DIRECTIONS: Set out exactly, line by line, the stretch of data below that begins at the line containing "먼저, 아래 코드는 selenium과" and ends at the line containing "28일 서울 잠실야구장에서", with both ends kept.

INPUT MATERIAL:
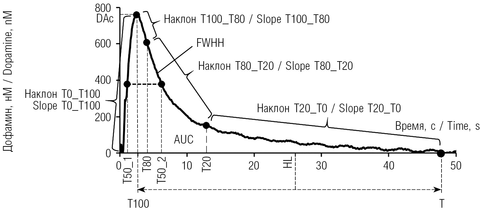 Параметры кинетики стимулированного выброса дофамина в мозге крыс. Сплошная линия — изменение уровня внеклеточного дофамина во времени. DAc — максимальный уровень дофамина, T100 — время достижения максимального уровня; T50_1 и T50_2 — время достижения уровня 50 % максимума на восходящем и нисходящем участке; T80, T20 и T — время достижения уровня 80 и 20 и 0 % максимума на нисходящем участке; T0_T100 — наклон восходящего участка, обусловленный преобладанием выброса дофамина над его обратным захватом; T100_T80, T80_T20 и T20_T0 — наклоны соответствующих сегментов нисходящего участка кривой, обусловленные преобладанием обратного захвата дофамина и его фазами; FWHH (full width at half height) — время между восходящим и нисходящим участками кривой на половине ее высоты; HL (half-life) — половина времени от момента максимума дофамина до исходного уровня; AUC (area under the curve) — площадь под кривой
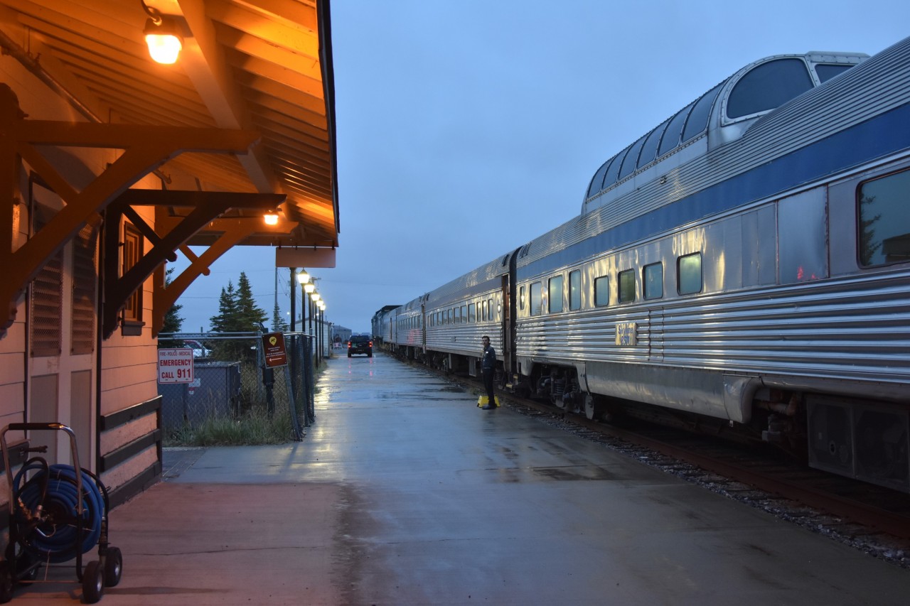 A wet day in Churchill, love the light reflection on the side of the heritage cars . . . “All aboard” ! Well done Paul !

==

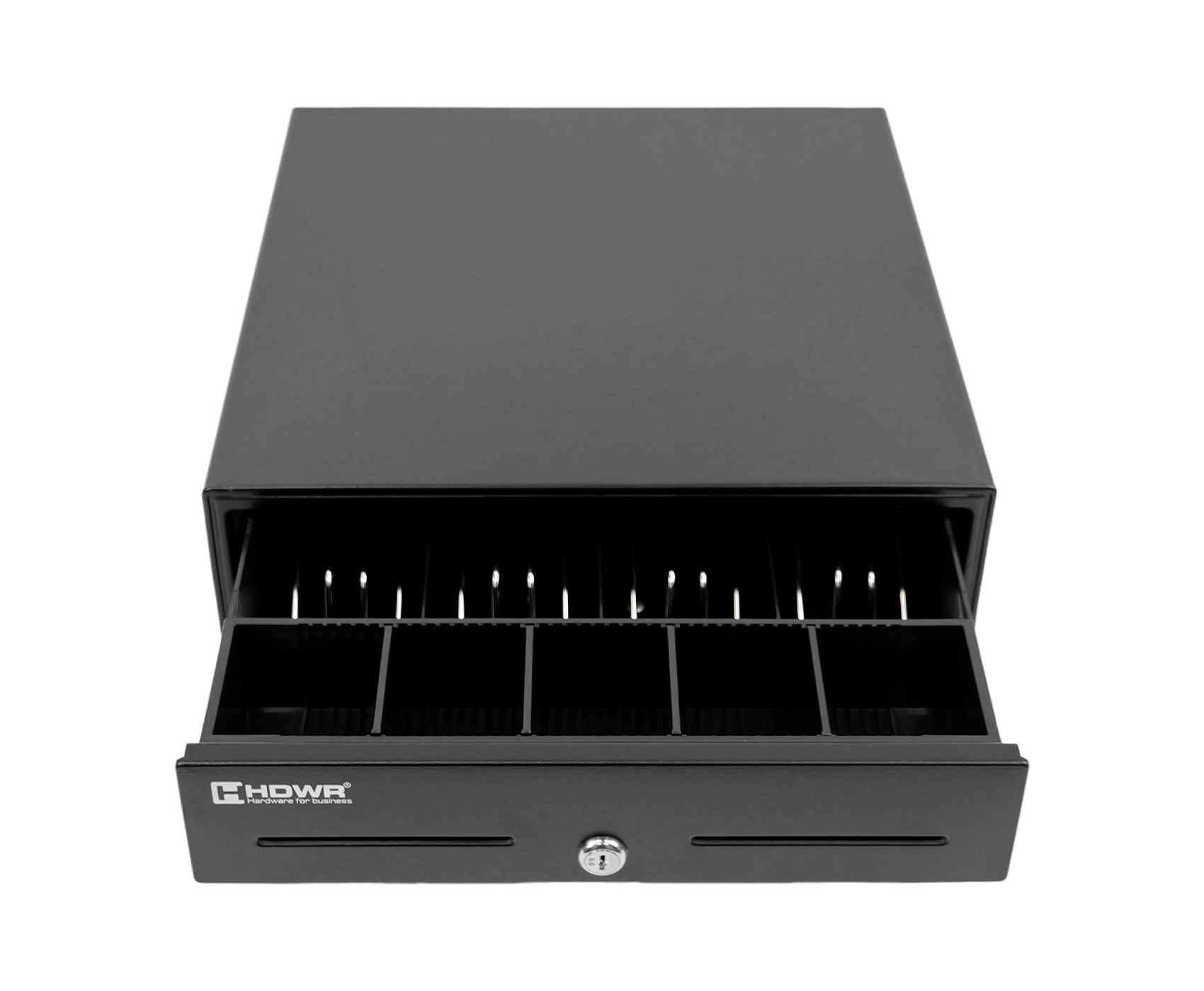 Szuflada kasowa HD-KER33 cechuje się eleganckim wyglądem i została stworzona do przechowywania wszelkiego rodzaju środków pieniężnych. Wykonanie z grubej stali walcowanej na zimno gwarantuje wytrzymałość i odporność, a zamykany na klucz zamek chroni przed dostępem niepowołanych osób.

--

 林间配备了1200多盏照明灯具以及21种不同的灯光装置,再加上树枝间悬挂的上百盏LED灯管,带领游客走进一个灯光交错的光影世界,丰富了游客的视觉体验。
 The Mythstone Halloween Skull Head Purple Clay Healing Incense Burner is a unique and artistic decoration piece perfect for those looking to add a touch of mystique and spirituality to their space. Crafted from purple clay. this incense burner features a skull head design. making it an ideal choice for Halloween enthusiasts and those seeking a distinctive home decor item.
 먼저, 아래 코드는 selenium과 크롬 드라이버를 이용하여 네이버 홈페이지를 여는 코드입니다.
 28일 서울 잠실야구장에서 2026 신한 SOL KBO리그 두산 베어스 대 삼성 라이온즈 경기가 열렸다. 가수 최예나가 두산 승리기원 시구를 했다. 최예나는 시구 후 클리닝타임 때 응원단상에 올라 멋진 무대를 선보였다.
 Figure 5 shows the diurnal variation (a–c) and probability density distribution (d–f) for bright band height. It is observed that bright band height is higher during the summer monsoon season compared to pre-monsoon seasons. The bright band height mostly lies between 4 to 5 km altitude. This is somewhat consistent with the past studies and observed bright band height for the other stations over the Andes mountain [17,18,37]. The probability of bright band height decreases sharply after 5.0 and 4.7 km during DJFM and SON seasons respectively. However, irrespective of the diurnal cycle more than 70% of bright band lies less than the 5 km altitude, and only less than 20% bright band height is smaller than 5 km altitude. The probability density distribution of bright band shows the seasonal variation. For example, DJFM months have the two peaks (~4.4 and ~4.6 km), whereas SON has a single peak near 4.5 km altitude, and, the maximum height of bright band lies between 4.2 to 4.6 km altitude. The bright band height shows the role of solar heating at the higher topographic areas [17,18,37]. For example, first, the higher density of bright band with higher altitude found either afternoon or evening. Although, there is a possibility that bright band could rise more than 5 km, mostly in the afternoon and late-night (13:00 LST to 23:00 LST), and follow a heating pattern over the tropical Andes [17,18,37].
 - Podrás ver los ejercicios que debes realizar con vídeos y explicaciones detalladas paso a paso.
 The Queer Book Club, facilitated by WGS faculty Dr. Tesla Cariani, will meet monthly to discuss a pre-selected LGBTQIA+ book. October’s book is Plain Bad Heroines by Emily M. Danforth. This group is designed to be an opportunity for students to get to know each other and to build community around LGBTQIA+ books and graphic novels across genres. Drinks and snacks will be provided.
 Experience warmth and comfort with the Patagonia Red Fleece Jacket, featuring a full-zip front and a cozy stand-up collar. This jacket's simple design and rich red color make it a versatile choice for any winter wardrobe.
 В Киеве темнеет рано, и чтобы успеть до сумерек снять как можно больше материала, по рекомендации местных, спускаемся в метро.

ANSWER TO THIS EXERCISE:
 먼저, 아래 코드는 selenium과 크롬 드라이버를 이용하여 네이버 홈페이지를 여는 코드입니다.
 28일 서울 잠실야구장에서 2026 신한 SOL KBO리그 두산 베어스 대 삼성 라이온즈 경기가 열렸다. 가수 최예나가 두산 승리기원 시구를 했다. 최예나는 시구 후 클리닝타임 때 응원단상에 올라 멋진 무대를 선보였다.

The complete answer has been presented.